5

How did he know?

I asked myself this question over and over as the L line train clack-clack-clacked southeast, back on Manhattan Island, far away from The Brink, toward Washington Square Park and my rendez-vous with Lucas. I felt slow, out of sorts. Martin Grace had done exactly what he’d said: pinned me, down to the six-month-old Vans on my feet. And he’d known what I was thinking. No, deeper and weirder than that. He’d known how I was thinking. I’d left Room 507 thirty minutes ago fully clothed, but stripped bare.

I stared at the passing darkness outside the subway, the occasional tunnel light (and accompanying graffiti) breaking the black. My eyes pulled focus from the tunnel wall to the window’s surface. There I was, reflected, just as Martin Grace had described, a MySpace generation refugee, a shaggy-haired painter, an inexperienced poseur. My fingers rushed over the array of colorful buttons pinned to the flap on my canvas satchel. These were my cheerfully ironic, subversive broadcasts to the world; my personality trimmed down to punchy, half-sentence slogans. There Is No Spoon. At Least the War on the Middle Class Is Going Well. Accio New President. Rape Is Fucking Wrong. WYSIWYG. What Would Scooby-Doo?

They now seemed self-referential, hollow, immature.
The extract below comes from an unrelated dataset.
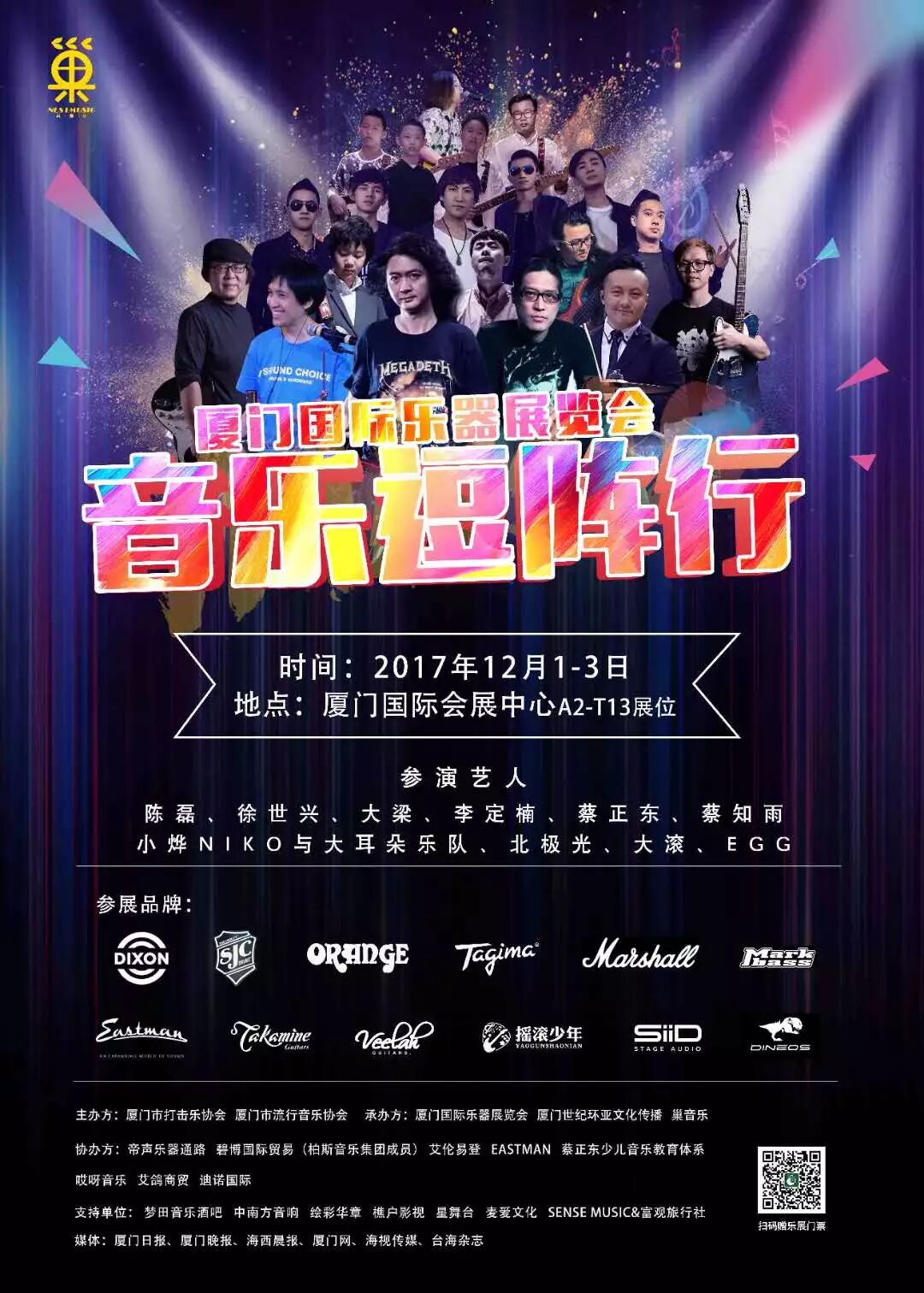唐朝乐队吉他手陈磊、鲍家街43号乐队吉他手蔡正东与蔡知雨、大牌明星合作鼓手:大梁、李定楠、徐世兴等各路音乐大师将莅临现场、全方位音乐人NIKO小烨与大耳朵乐队、福建老牌摇滚乐队北极光、少儿乐队EGG乐队、民谣歌手大滚齐助阵。

The train trembled onward. I checked the time on my Eterna, which was indeed an heirloom bequeathed from my late grandfather. 5:30. I tightened my grip around my black Cannondale hybrid bike’s handlebars. I watched my bicycle helmet hanging there, hypnotized by it swaying on its chinstrap.

How did he know?

I closed my eyes, silently asking for some enlightenment, for some distance from this throbbing, full-brain bruise I was experiencing. After a moment, the bespectacled, professorial side of me—the part that I always imagined sounded a bit like Leonard Nimoy—spoke up.

It’s obvious, my logical side said. Martin Grace isn’t blind. He “made” you because he could see you. It explains his description of your clothes, the reference to what you ate at lunch (you had a jam stain on your shirt; you can see it right there, in your reflection), even the fear you experienced when you stepped into Room 507. He’s not blind at all.
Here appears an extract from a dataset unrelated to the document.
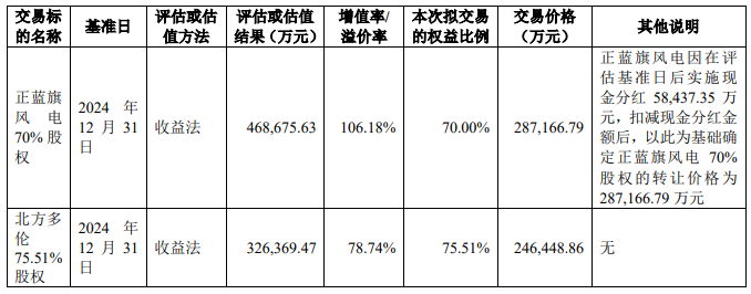 中国经济网北京12月12日电 上海证券交易所并购重组审核委员会2025年第二十二次审核会议昨日召开。经查,内蒙古蒙华能热电股份有限公司(“内蒙古华电”,600863.SH)发行股份购买资产。该交易须遵守重组条件和披露要求。重组委主要问答 1、请上市公司代表结合近年来上市公司加速新能源转型和投资新能源项目的背景、大股东承诺的内容及履行情况、标的公司的规划建设进程等,说明制定本次交易方案的理由,并向提供明确意见的独立财务顾问代表或法定代表人说明。名词2、上市公司代表将根据标的资产估值中使用的风电削减率、结算电量、结算电价、贴现率等指标的选取、预测期内相关指标的变化、参考日后的实际数据以及同行业的比较例,要求说明标的资产的估值是否审慎、合理。请独立财务顾问和评估师代表提供明确的意见。内蒙古华电公司昨天下午更新的《关于发行股份及支付现金购买资产及配套融资暨关联交易的报告(草案)(草案登记)》显示,内蒙古华电公司拟向北方联合电力有限公司(简称“北方公司”)发行股份并支付现金。根据中国华平企业报告(2025)第6615号,“B北方联合动力有限公司拟转让北方双伦新能源有限公司(以下简称“北方双伦”)股权。北京中企华评报(2025)第6615号,报送中国华农集团有限公司。 司以2024年12月31日为估值基准日对正蓝旗风力发电进行评估,并根据资产评估报告对北方都正蓝旗新能源有限公司股东持有的与北都正蓝旗新能源有限公司股份相关的全部股权价值进行评估。都正蓝旗新能源有限公司 北武陶润股东持有的全部股权价值采用d法和收益进行估值。正蓝旗风电股东权益总额为468,675.63万元,北达润股东权益总额为326,369.47万元。截至评估基准日,正蓝旗风电现金分红金额为 人民币元584,373,500。根据上市公司与北方公司签署的《发行股份及支付现金购买资产的协议》及其补充协议,北方多伦公司参考《评估报告》所述的评估结果,经双方协商,减去现金分红金额,确定正蓝旗风电70%股权的作价为287,166.79万元。 75.51%股权价格为246,448.86万元。交易总金额(不含支持融资金额)533,615.66万元。经双方协商,本次发行价格为每股3.46元,不低于股权登记日前60个工作日股票交易均价的80%。计算通过发行股票取得的标的资产的交易价格和当前发行价格,即本次发行的股票数量本次发行股份购买资产完成后,上市公司将向其业务合作伙伴发行771,864,500股,相当于上市公司总股本约10.58%。详细信息如下。至于配套资金收购,本次拟募集配套资金总额不超过26.5亿元,不超过本次交易发行股份资产购买交易价格的100%。发行股份及支付现金购买资产后的股份数量不得超过公司总股本的30%。本次交易筹集的配套资金将用于支付与本次交易相关的现金对价、经纪费用及税费。本次募集的支持资金将向符合中国证监会规定条件的特定投资者共计最多35名。的参考日期是起诉股份募集支持资金将在发行期首日进行。发行价格不得低于价格登记日前20个工作日公司股票交易均价的80%,且不得低于最近一个会计年度经审计的归属于上市公司母公司股东的每股净资产。虽然本次交易不构成重大资产重组或重组上市,但属于关联交易。本次交易的对方北方公司是一家上市公司的大股东。根据《上市规则》相关规定,上述业务伙伴为上市公司关联方,本次交易构成关联交易。本次交易前,上市公司控股股东为北方公司,实际控制人为中国华能。完成此操作后本次交易后,上市公司第一大股东仍为北方公司,实际控制人仍为中国华能。本次交易并不意味着上市公司控制权发生变化。内蒙古华电聘请国泰海通证券有限公司作为本次交易的独立财务顾问。项目发起人为王亮、张伟,项目共同发起人为张晨,项目组成员为卢东伟、范家伟。

I nodded slightly at this, let it roll for a moment. And what about the things he’d said about… me?

Fascinating, my Spock-self replied. If Grace can see, then he did what you do every day at The Brink: He watched your facial expressions and body language and modified his message for maximum impact. His comments were barbed, yes, but generic—after all, you’re not the only twenty-something fretting about filling his professional shoes. Grace’s assumptions about Annie Jackson are equally elementary: He discovered, somehow, that you had lunched together, and exploited that. It’s Ockham’s razor: All things being equal, the simplest solution tends to be the right one. Extrapolate. Grace is not blind.

I frowned and opened my eyes. No. He was. I had a folder full of expert diagnoses saying he was. More important, I knew he was, I could feel it… which meant he’d literally smelled my fear, heard things in my voice that I didn’t hear.

Ah, and his intent. That’s what spooked me. He’d wanted to break me. Martin Grace was an old, blind shark, all teeth and hunger. I’d been devoured in there.

So. How did he know? I smelled some truth in what my logical side was saying. If Grace did this evening what I do every day—excavate a mind’s secrets—then what business did an audio engineer have knowing such things? That didn’t make much sense. Not a goddamned bit.

My eyed slid upward, met the gaze of my reflection. There was something missing here. My brain nudged at this like a tongue probing the gap of a missing tooth. I needed more information about Martin Grace, things not in his admittance report. That folder told me what he was, but it didn’t tell me who he was.

A secret smile rose to my lips. I knew a person who could help me. I just had to convince her it was the right thing to do.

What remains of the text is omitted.